With wine consumption declining in most markets (domestic and export) while the global surplus rises despite 2023’s global production falling to a 60-year low (think: weird weather and climate change), one doesn’t need to look far to find gloomy analyses and prognostications for most countries.
Just the other day I saw a report on the head of an association representing some 500 growers in California calling for 30,000 vineyard acres to be uprooted there in order to balance the market. That’s 12 000 hectares of vineyard, about as much as South Africa has lost in the past dozen years or so (to some people’s laments – not mine).
Another example: Mid last year Robert Joseph wrote in Meininger’s International that “Australian wine is in crisis”, noting, amongst other things, falling volumes in many markets, value per litre sold falling faster still, with more wine shipped in bulk at lower prices. Familiar sort of stuff. Crisis is a word much in use in the global wine industry.

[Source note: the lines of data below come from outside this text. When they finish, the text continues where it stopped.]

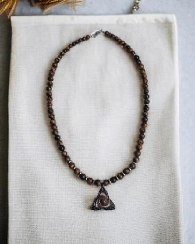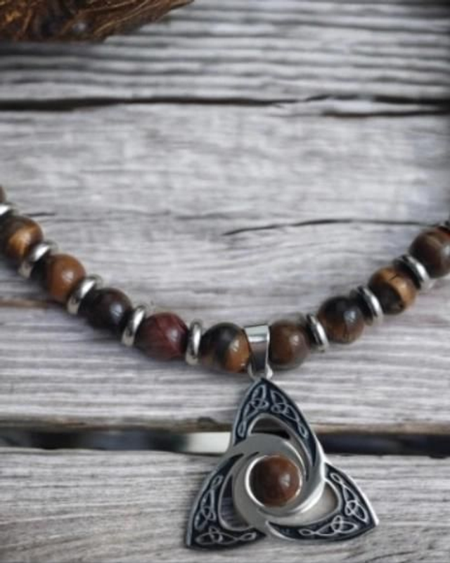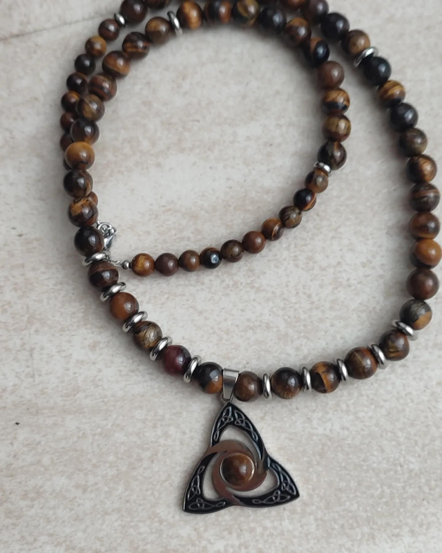 Ce collier pour homme se distingue par son pendentif en Triquetra, symbole puissant d'harmonie et d'équilibre. Fabriqué avec des pierres naturelles d'œil de tigre, il allie esthétique et bienfaits spirituels, offrant protection et clarté d'esprit.
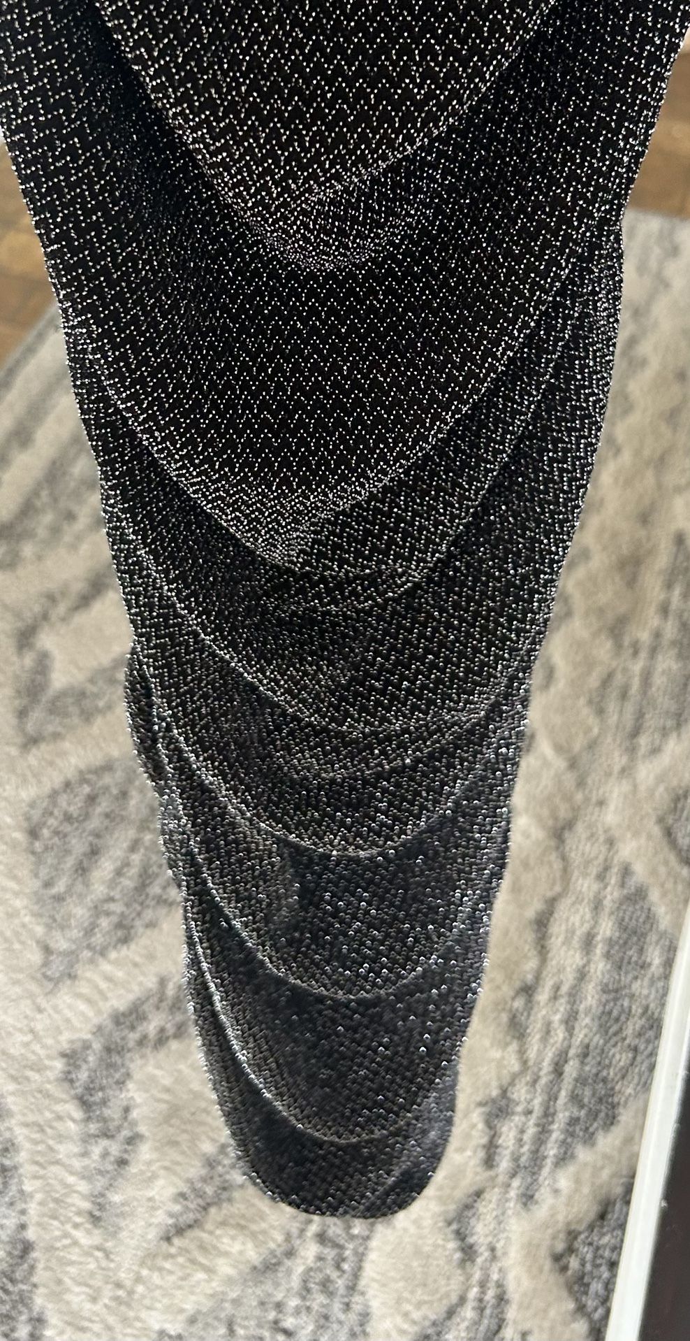 New Blk glitter, scrunched sides , stretch strappy dress size Small, New
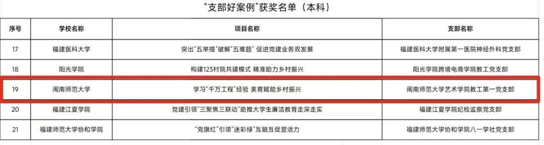 据悉,中共福建省委教育工委关于高校党支部工作“立项活动”优秀成果和“党员好故事、书记好党课、支部好案例”评选活动每两年评选一次,本次活动评定本科高校党支部工作“立项活动”优秀成果80项,“党员好故事”“书记好党课”“支部好案例”各25项。
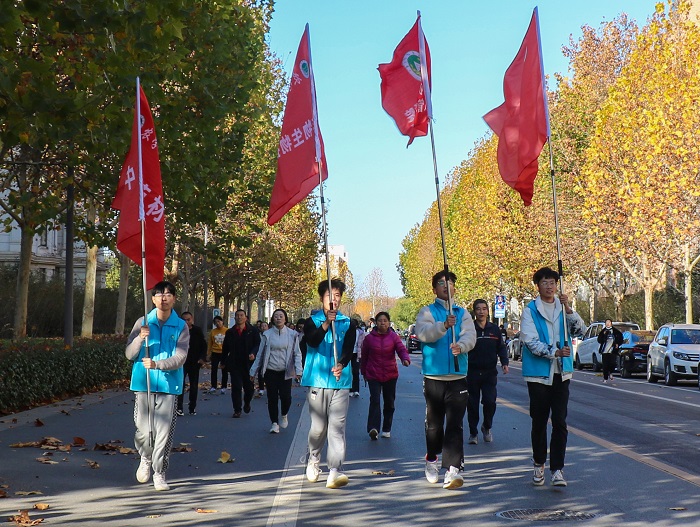 下午3时许,龙子湖校区体育馆前各系红旗迎风招展,参赛教职工朝气满满、整装待发。“活动开始!”随着校党委委员、院党委书记郭战伟的一声令下,各系参赛教职工相携而出,沿龙子湖校区有序行进,大家相伴而行,一路欢声笑语,成为校园里一道亮丽的风景线。
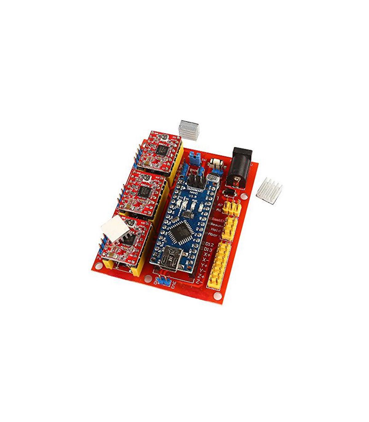 Плата расширения ЧПУ Arduino Nano CNC Shield v4.0 используется для создания на основе контроллера Arduino Nano (других контроллеров совместимых по типоразмеру) станков с числовым программным управлением, 3D принтеров, гравировальной или фрезерной машины и т.п. Плата расширения CNC Shield v4.0 может работать с Arduino Nano и драйверами двигателей с помощью программного обеспечения Arduino GRBL. Программное обеспечение обменивается информацией с «железом» с помощью G-кодов. Технические характеристики Модель: CNC Shield v4.0, Контроллер: Arduino Nano и другие совместимые, Количество осей: 3 (X, Y, Z), Напряжение питания логической части: 3,3 - 5В, Напряжение питания силовой части: 12 – 24В, Совместимые драйверы двигателей: A4988, а также другие подобные, Связь с другими устройствами: UART, I2C, Программное обеспечение: Arduino GRBL, Размеры: 72 х 59 х 20 мм, Вес: 31 г.
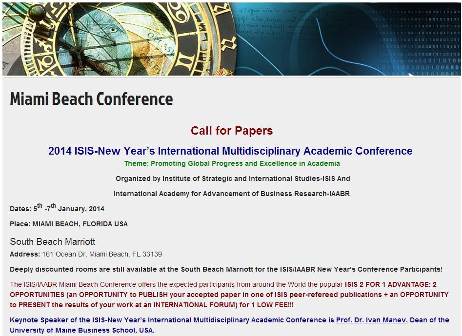 2014 ISIS - MIAMI BEACH INTERNATIONAL MULTIDISCIPLINARY ACADEMIC CONFERENCE - Promoting Global Progress and Excellence in Academia
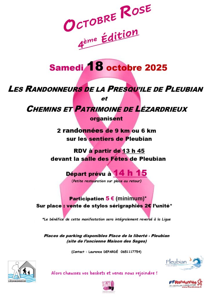 Dans le cadre d’Octobre Rose, participez aux marches roses qui seront organisées à Pleubian le samedi 18 octobre, avec la participation du club affilié Les randonneurs de la Presqu’île.
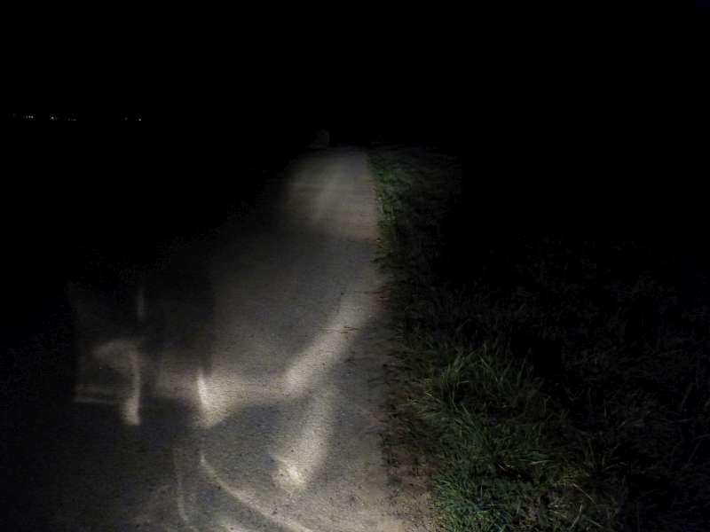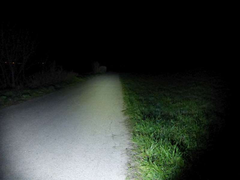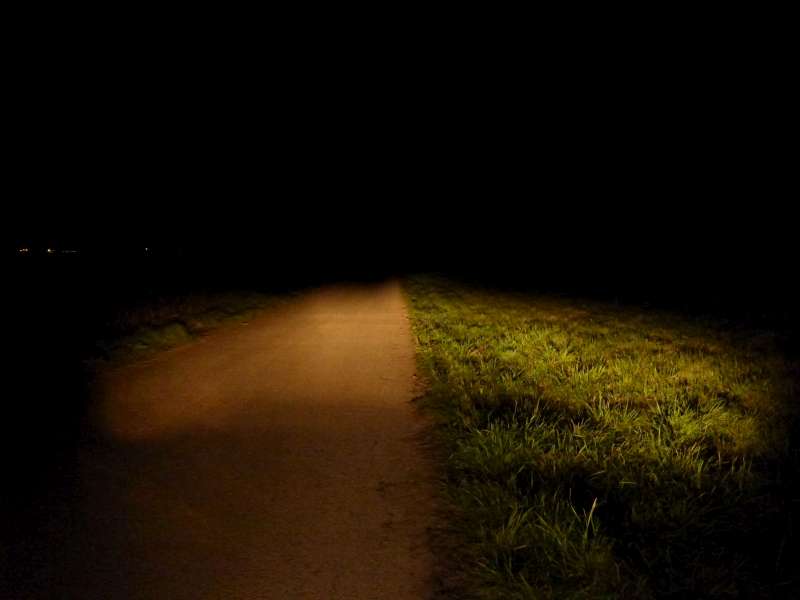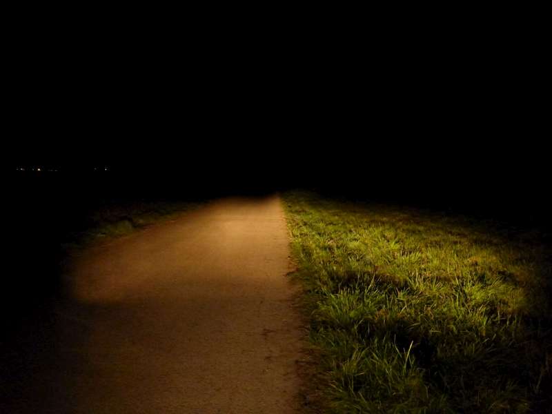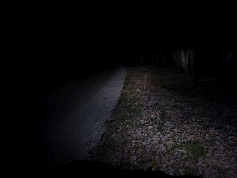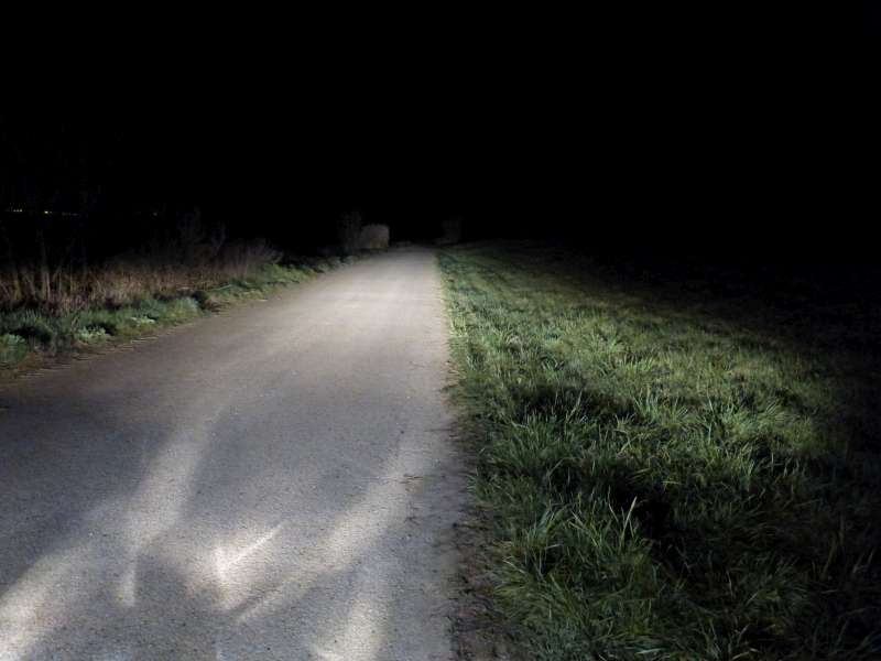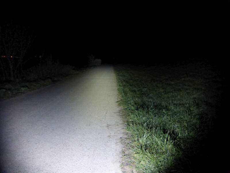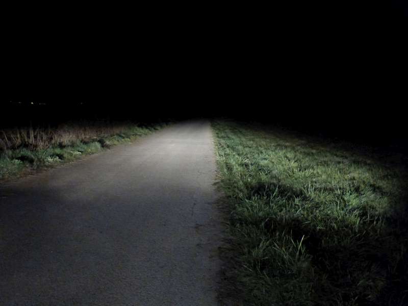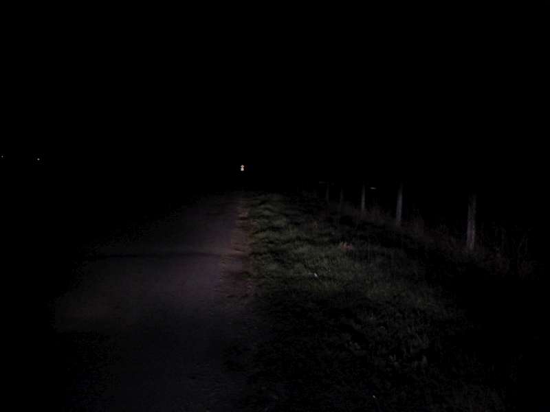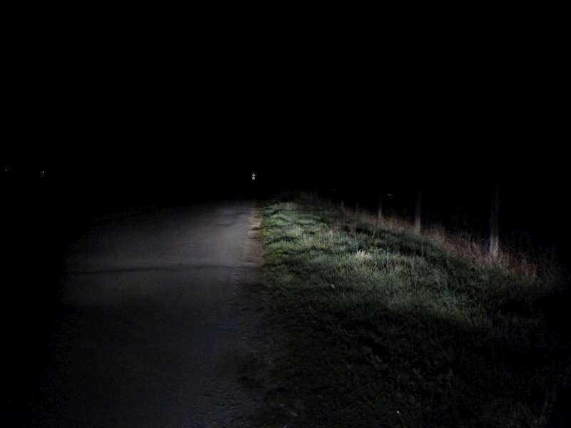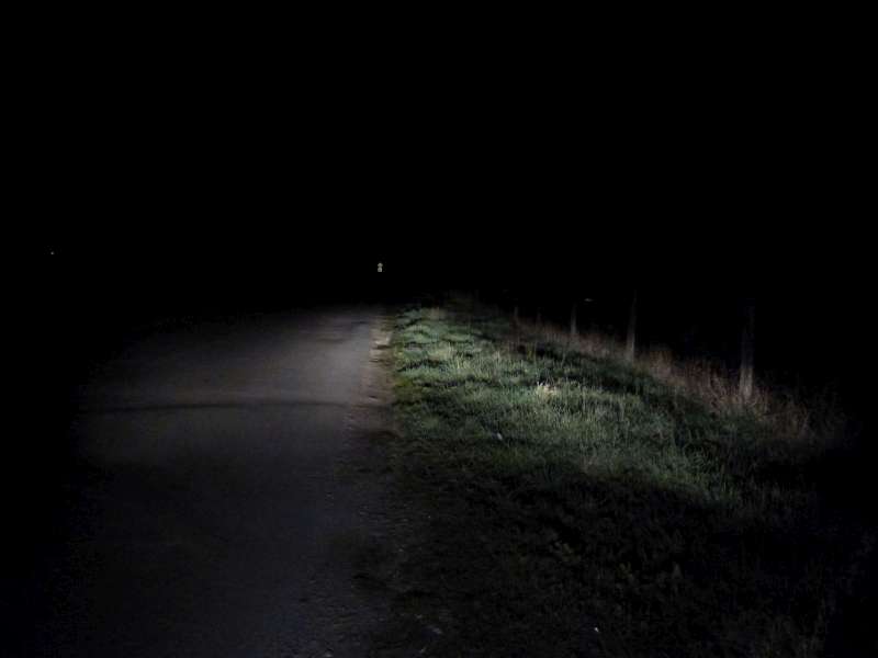 Jasne viditelne, ze svieti len pred autom, kde je prepaleny bod a vo vacsej vzdialenosti tma.
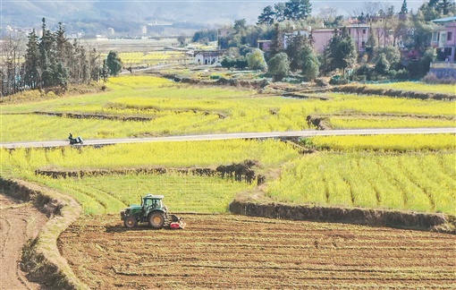 3月10日,蓝山县塔峰镇六七甲村,村民驾驶农机在翻耕土地。春耕农忙时节,当地农民抢抓农时开展春耕生产,田间地头机声隆隆,一派人勤春早的忙碌景象。彭华 摄

The latest ProWein Business Report, Ways out of the crisis, considered the results of a survey of “2,000 members of the wine industry, from producers to retailers, conducted by Geisenheim University”, as reported by The Drinks Business. Major threats identified by the respondents included cost increases, global economic downturn, decreasing wine consumption, and climate change. (As an interesting aside, it seems that not only are people drinking less, they’re also not drinking better, so there’s no real comfort for South Africa’s smarter producers there – except, perhaps for the few who might be the beneficiaries of quite rich people drinking less burgundy and Napa cab.)
The ProWein report also noted that many potential wine-drinkers are turning to both beer and spirits, and in fact a crucial factors in the alcohol world’s woe is the consumer move to low- or non-alcoholic drinks. Health concerns are central here, with increasingly vehement arguments made against alcohol consumption. A year ago, the World Health Organization stated firmly, on the basis of research, that “when it comes to alcohol consumption, there is no safe amount that does not affect health”.